The Burdens of BernieCare Congress’s budget gnomes tip-toe around single-payer’s reality.

https://www.wsj.com/articles/the-burdens-of-berniecare-11557091123

Bernie Sanders sells Medicare for All as a simple idea: “You will have a card which has Medicare on it, you’ll go to any doctor that you want, you’ll go to any hospital that you want.” So the Congressional Budget Office provided a public service last week by describing, albeit in thick and cautious bureaucratese, what it would really take to float BernieCare.

Democrats asked CBO to lay out some parameters of how to set up single-payer, hoping to elude analysis of any one bill in Congress. The latter would carry political accountability—and a price tag. Instead CBO walks through “key design components and considerations” in a report that aims to bore and deploys the word “could” 209 times.

Yet even this limited analysis is instructive about the “major undertaking” of single payer, as CBO puts it in hilarious understatement. CBO acknowledges, for example, that a transition that includes moving 160 million people from employer-sponsored coverage to single payer would be “complicated, challenging, and potentially disruptive” to health care and the economy. You don’t say.

The Sanders Medicare for All bill would ban private coverage that competes with government. CBO notes dryly that single-payer proposals often prohibit private insurance because “some high-income people might prefer to purchase substitutive insurance that offered more generous benefits or greater access to providers.” Can’t have people using their own money to buy better health care.

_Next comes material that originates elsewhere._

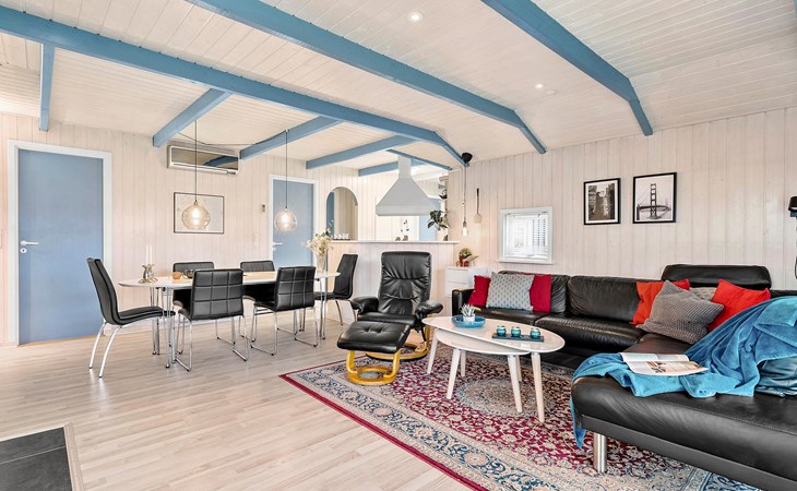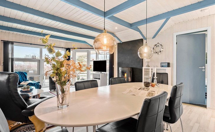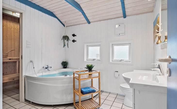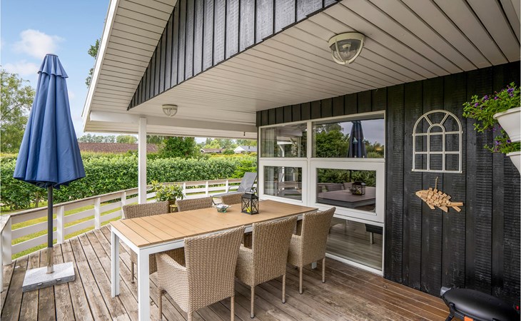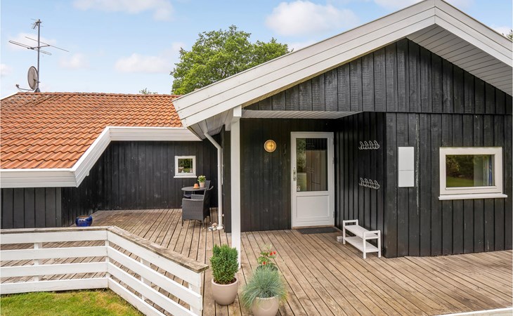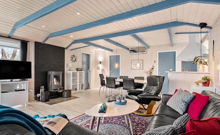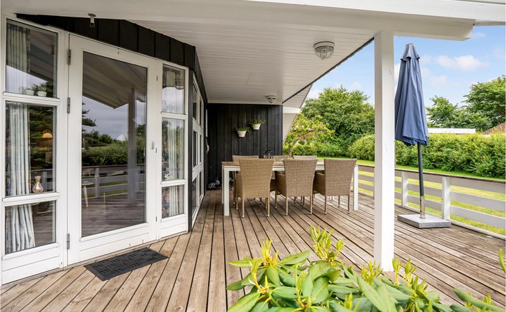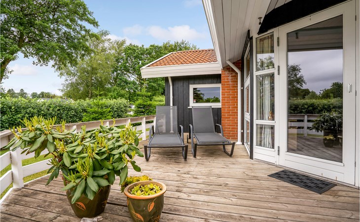 Auf einem großen, geschlossenen Gartengrund liegt dieses schöne Ferienhaus. Es ist gut ausgestattet und die Einrichtung ist geschmackvoll und komfortabel. Küche und Wohnzimmer liegen in offener Verbindung zueinander. Das geräumige Badezimmer bietet Wellness pur mit einer Sauna und einem Whirlpool. Im Winter können Sie es sich vor dem Kaminofen gemütlich machen. Eine Wärmepumpe dient außerdem als Wärmequelle im Haus. Im Außenbereich erwarten Sie mehrere teilweise überdachte Terrassen mit mehreren Sitzgelegenheiten, so dass Sie je nach Tageszeit immer einen angenehmen Platz im Freien finden werden.

And you can’t go to any doctor you want if government isn’t paying providers what services really cost. The point of Medicare for All is to cut reimbursement rates to Medicare levels, which government can now set so low only because private commercial reimbursement rates are so much higher. Cutting reimbursement rates would “probably reduce the amount of care supplied and could also reduce the quality of care,” CBO says.

Who would decide what government pays for an innovative new treatment for, say, lung cancer and who receives it? CBO walks through some ideas and adds: “Under any of the pricing approaches discussed below, a single-payer system could decide to exclude certain drugs or place those drugs on a nonpreferred drug list because they are too expensive or because they do not have any additional benefit.”

And “unlike a system with competing private insurers, the public plan might not be as quick to meet patients’ needs, such as covering new treatments.” You mean government is less responsive than private business?

There is also an amusing aside on the “standardized information technology infrastructure” the government would likely need, brought to you by the folks who struggled to set up the ObamaCare website. Also: What happens to the Children’s Health Insurance Program, or Tricare, the Pentagon health insurance program?

CBO dares not wade into the details of what all this would cost, though it says “government spending on health care would increase substantially.” Thanks for that. Honest private estimates suggest it would take at least a doubling of individual and corporate taxes. Proponents say the country will save money through lower administrative costs, which CBO says may materialize. But the real savings would have to come from where the money is: cutting payments to doctors and restricting care.

None of this will surprise anyone who has studied health-care markets, but many Americans are hearing about single-payer for the first time. Voters should know Mr. Sanders is promising miracles when what he’ll deliver is poorer care for everyone.